Hohe Energiepreise beflügeln die Wirtschaft
Der Ausstieg aus der Atomenergie ist gut. Daran ließ Professor Ernst Ulrich von Weizsäcker bei seinem Vortrag „Energieproduktivität verfünffachen“ in der Mensa der Fernuni keinen Zweifel. Viel wichtiger sei aber, den CO2-Austausch weltweit radikal um 80 bis 90 Prozent zu senken, machte der Naturwissenschaftler den mehr als 160 Zuhörern deutlich, die auf Einladung des heimischen SPD-Bundestagsabgeordneten René Röspel zu dem inzwischen sechsten Vortrag der Reihe „Energie – Klima – Umwelt“ gekommen waren. Denn ein Abschmelzen des Polareises wäre „noch viel schlimmer als Fukushima“, sagte Weizsäcker. Dass der Klimawandel aber allein durch den Ausbau regenerativer Energien aufgehalten werden könne, ist für ihn undenkbar.
Der überaus gut gelaunte Weizsäcker zeigte Bilder von Photovoltaik-Anlagen „so groß wie Fußballfelder“, nannte Windräder „nette Nachbarn“ und hält die Wasserkraft für „ausgelutscht“. CO2 unter die Erde zu pressen, sei eine „Geldvernichtungsmaschine“ und Bioenergie verursache bei ihm „ökologische Albträume“. Um den heutigen Energiebedarf mit diesen Methoden zu decken, sei 35 Mal so viel Fläche nötig. Stattdessen wäre es besser, 30 Prozent weniger CO2 bei der Energieerzeugung zu produzieren und 65 Prozent durch weniger Energieverbrauch zu erzeugen. „Das ist nichts weniger als eine technische Revolution“, räumte Weizsäcker ein. Dabei müssen „wir voran gehen, damit die Entwicklungsländer ein Licht am Ende des Tunnels sehen.“
Weizsäcker zeigte sich überzeugt, dass diese „technische Revolution“ möglich ist: „Wir vergeuden Energie ohne Ende.“ Dazu zählte er nicht nur spritfressende Autos oder schlecht gedämmte Häuser. Städte müssten so gestaltet werden, dass möglichst kurze Wege zurückzulegen sind. Statt zu irgendwelchen Konferenzen um die Welt zu fliegen, könne man auch sich auch vor dem Bildschirm treffen, „was allerdings bei Urlaubsreisen nicht so einfach ist“, räumte Weizsäcker ein. Bei Rohstoffen forderte er „Kreislauf statt Baggern.“ Vor allem die stromintensiven Industrien könnten ihre Effizienz deutlich steigern.

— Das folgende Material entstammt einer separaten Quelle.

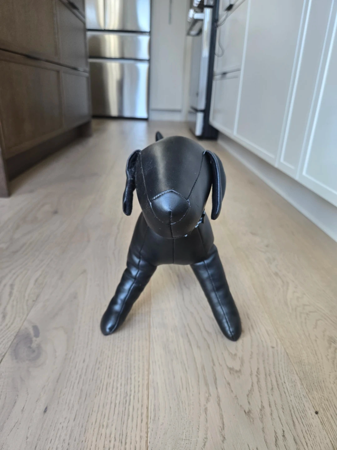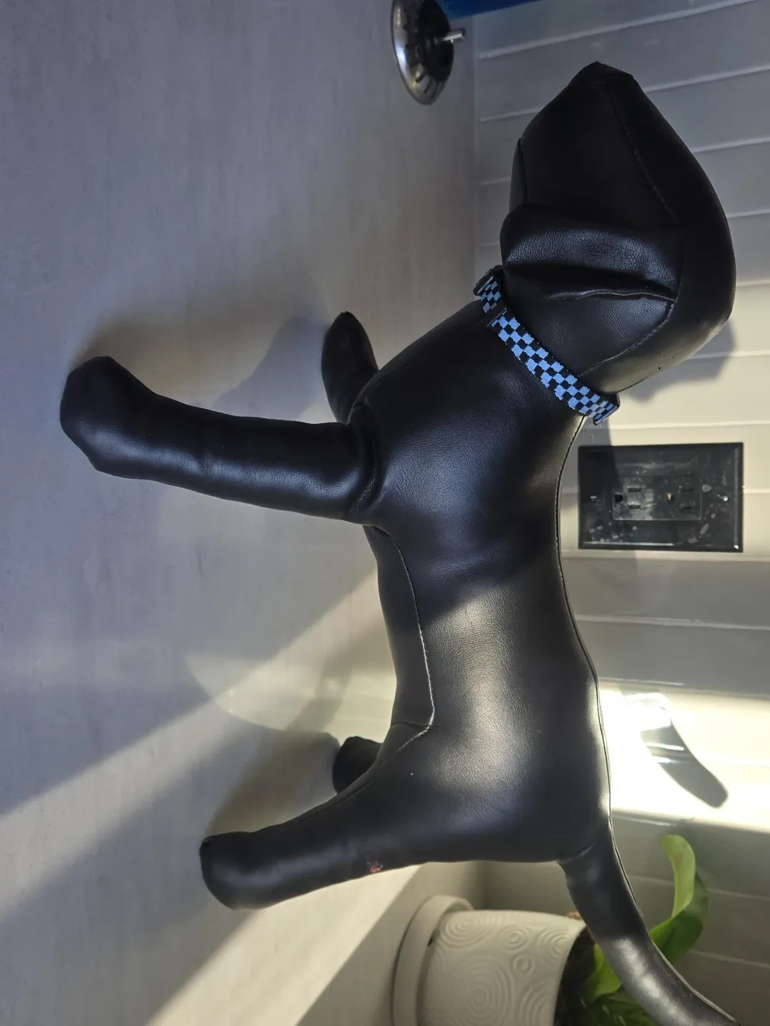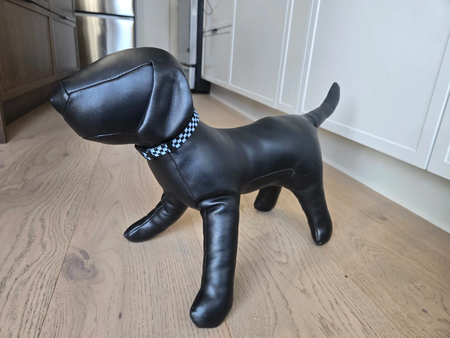 This is a black faux leather doorstop. It has a blue and white checkered collar and it's a fun Doorstop or cute decorative piece for any room.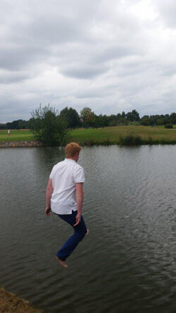 Justus Wähling, gestartet mit einer Stammvorgabe von 10,0 kam von der Runde zurück mit einer sauberen 68. Die Unterspielung um 4 Schläge „bescherte“ ihm eine neue Stammvorgabe von 9,2. Unter großem Beifall verfolgten alle Mitspieler den traditionellen Sprung ins Wasser.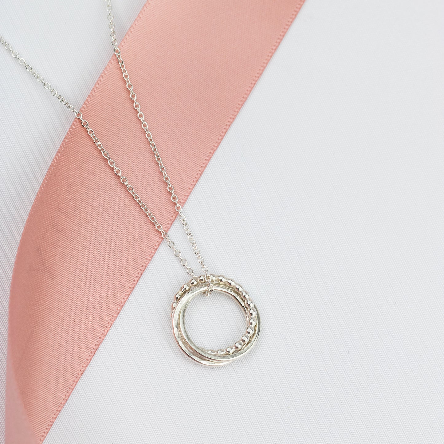 Circles symbolise infinite love, strength, protection and unity.  This necklace is made with three links, symbolising that the three of you are linked for a lifetime.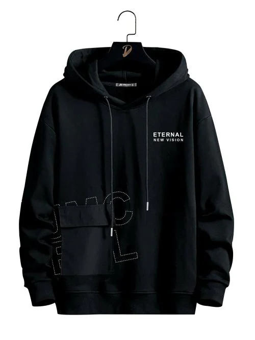 Jump Cuts Mens Printed Hooded Neck Full Sleeve Black Cotton Slim Fit T-Shirt

Damit sich etwas ändere, müsse allerdings politisch dafür gesorgt werden, dass die Energiepreise „ökologisch korrekt“ sind, „die Märkte sind zu doof dazu“, fügte der Wissenschaftler an. Denn nur hohe Preise „beflügeln die Wirtschaft“. Wichtig sei, die Preise jeweils parallel zur Effizienzsteigerung zu steigern, damit die Gesamtkosten nicht ansteigen. Dass das möglich ist, habe Japan eindrucksvoll bewiesen. Seit 15 Jahren werden dort weltweit die höchsten Energiepreise verlangt – heute stehe das Land gerade deshalb an der Spitze der Technologie.